According to a study by the Institute for College Access & Success, 68% of college graduates finished school with an average of $30,100 in student loan debt in 2015. And in March 2016, outstanding student loan balances stood at $1.26 trillion. This means student loan debt is the second largest form of consumer debt in the U.S., behind mortgages.
All this debt puts an enormous strain on young entrepreneurs seeking small business financing. But there is hope. The Small Business Administration found that small business accounts for almost 50% of the private economy. So it’s in the federal government’s best interest to see its young entrepreneurs succeed.
That said, any kind of student loan debt is going to make financing more difficult. Lenders evaluate your existing debt and your ability to pay to determine your loan qualifications.
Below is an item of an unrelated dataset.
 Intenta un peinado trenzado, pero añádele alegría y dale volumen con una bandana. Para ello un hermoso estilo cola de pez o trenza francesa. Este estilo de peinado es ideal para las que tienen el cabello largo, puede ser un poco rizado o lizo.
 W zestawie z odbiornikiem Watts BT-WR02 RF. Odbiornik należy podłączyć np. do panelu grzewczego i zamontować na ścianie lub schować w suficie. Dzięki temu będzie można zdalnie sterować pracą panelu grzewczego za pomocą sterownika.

The unpredictable revenue associated with small business startups coupled with a monthly student loan burden does not make for an attractive borrower profile.
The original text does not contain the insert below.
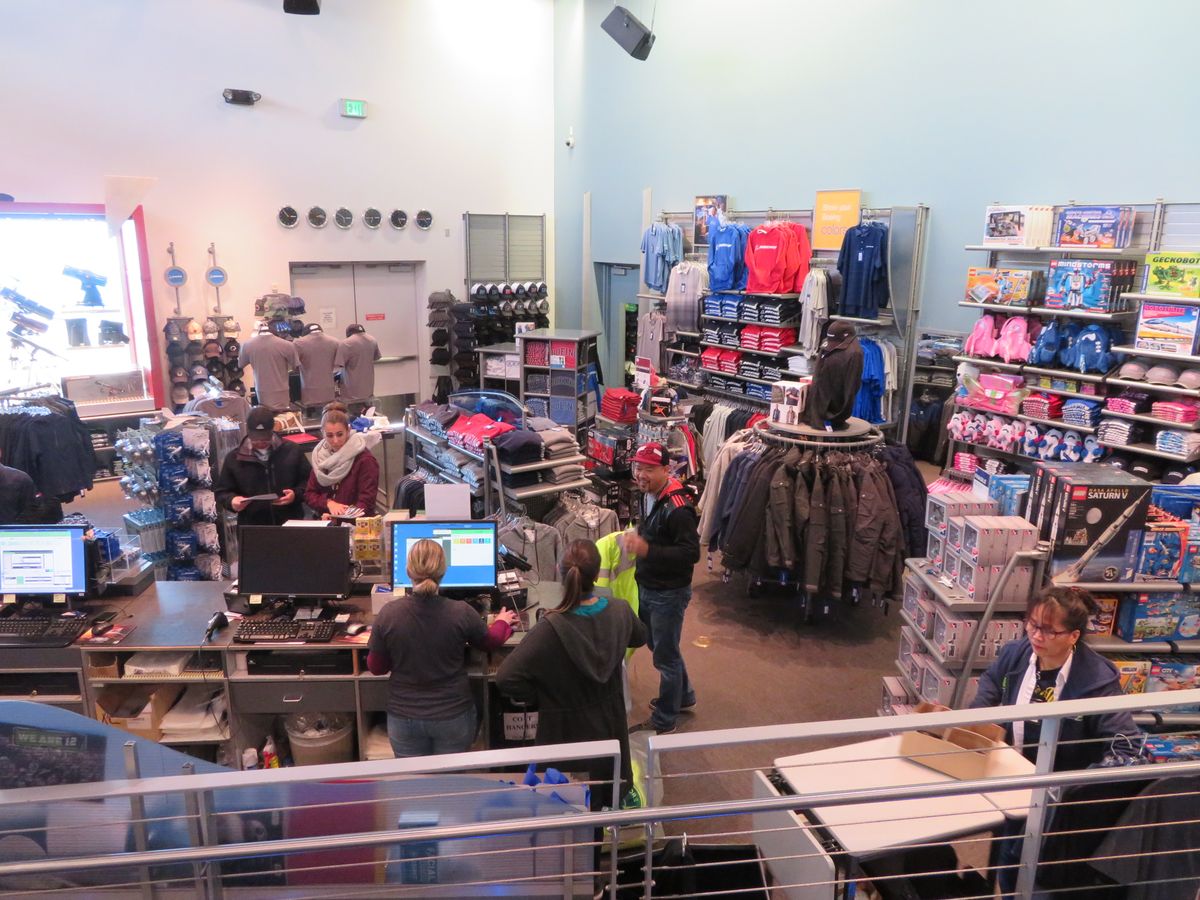 お土産コーナーもボーイングならではの物ばかりで、選定に迷う次第でした。

Student loan debt will affect your financing options, so how can you reduce the impact? You must either increase your income (ability to pay) or decrease your existing debt.
Since increasing income is what you’re already working on with your small business, let’s focus on decreasing existing debt.
Reducing Student Loan Burden
If you have a student loan backed by the federal government, you have options. You also have options with a private loan, but they are more limited.
If you’re not sure whether your loan is federal or private, navigate to studentloans.gov or the Federal Student Aid website. If your loan is not listed in either of these databases, you have a private loan. You can double check your credit report for the private loan. The report will tell you who holds your loan.
Income Based Repayment
The federal government offers income-based repayment programs. These programs help reduce your monthly bills, and often the federal government will pay the additional accrued interest. You must fall within their criteria to receive this assistance.
These programs may also offer loan forgiveness after a certain amount of time.
Private loans aren’t as forgiving as federal loans. Refinancing may be your best option to reduce monthly payments. You may run into the same roadblocks, however, as you will with small business financing. But if you can get a cosigner, or work part-time and show your lender that you are a good risk, you have a chance.
Be wary of immediately jumping into a refinance just because you can get a lower monthly rate. Do your research and analysis. Be certain the increased interest cost and fees are worth the increased chance of obtaining capital.
Save and Hustle
It’s true that young entrepreneurs are at a disadvantage when it comes to obtaining small business financing, but be sure to take full advantage of your assets. As a young entrepreneur, you’re likely to have fewer familial obligations. You can live simply now to achieve long-term success.
You have the flexibility to work hard and pick up odd jobs when your time and business needs allow. Make the best use of your time—it’s your greatest asset. And while it won’t show up on your balance sheet, it’ll pay dividends for years to come.